*Your objective:* Print everything in the records exactly. Leave the pictures out.
╭─ Exercise input
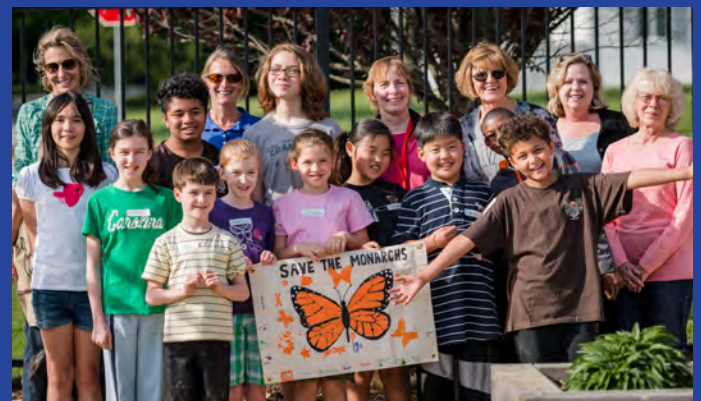
ENCHANTED GARDEN – MONARCH BUTTERFLY CLASS
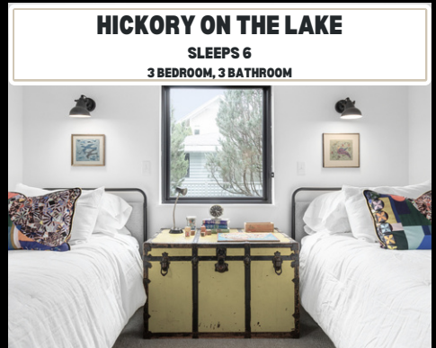
HICKORY ON THE LAKE SLEEPS 6 3 BEDROOM, 3 BATHROOM
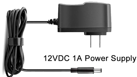
12VDC 1A Power Supply
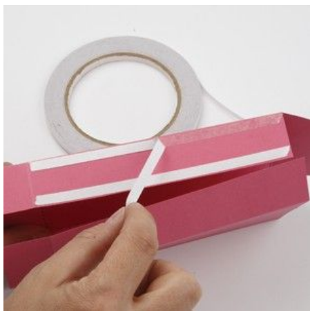
7 Fold the bag and assemble it with double-sided tape.
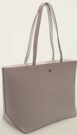
Mademoiselle lady bag beige FTX322X
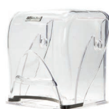
Connoisseur Sound Enclosure
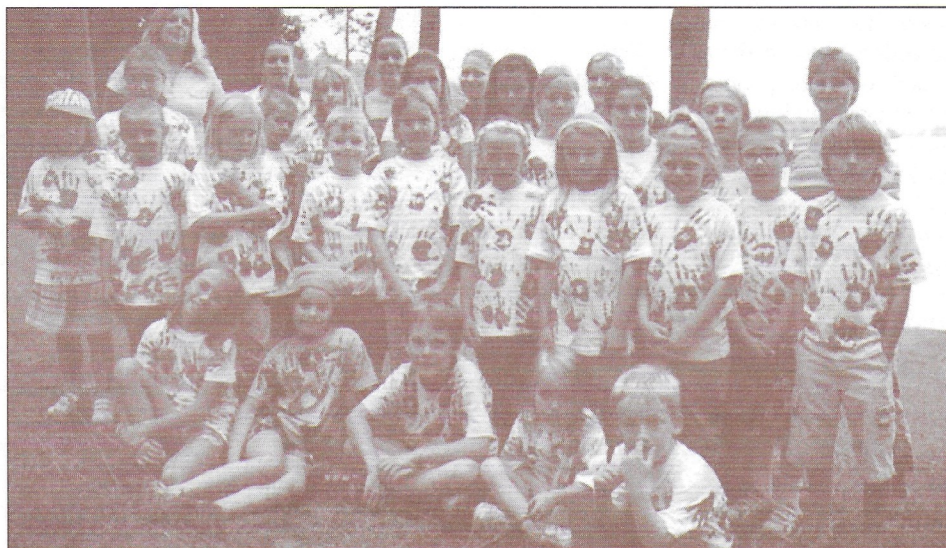
Charleston Lake Association Youth Camp participants pose for a photo, wearing autographed hand painted Friendship T-shirts, at Charleston Lake Sand Bay Park Friday, July 8, 2005.
╰─
*Solution for this exercise:*
ENCHANTED GARDEN – MONARCH BUTTERFLY CLASS
HICKORY ON THE LAKE SLEEPS 6 3 BEDROOM, 3 BATHROOM
12VDC 1A Power Supply
7 Fold the bag and assemble it with double-sided tape.
Mademoiselle lady bag beige FTX322X
Connoisseur Sound Enclosure
Charleston Lake Association Youth Camp participants pose for a photo, wearing autographed hand painted Friendship T-shirts, at Charleston Lake Sand Bay Park Friday, July 8, 2005.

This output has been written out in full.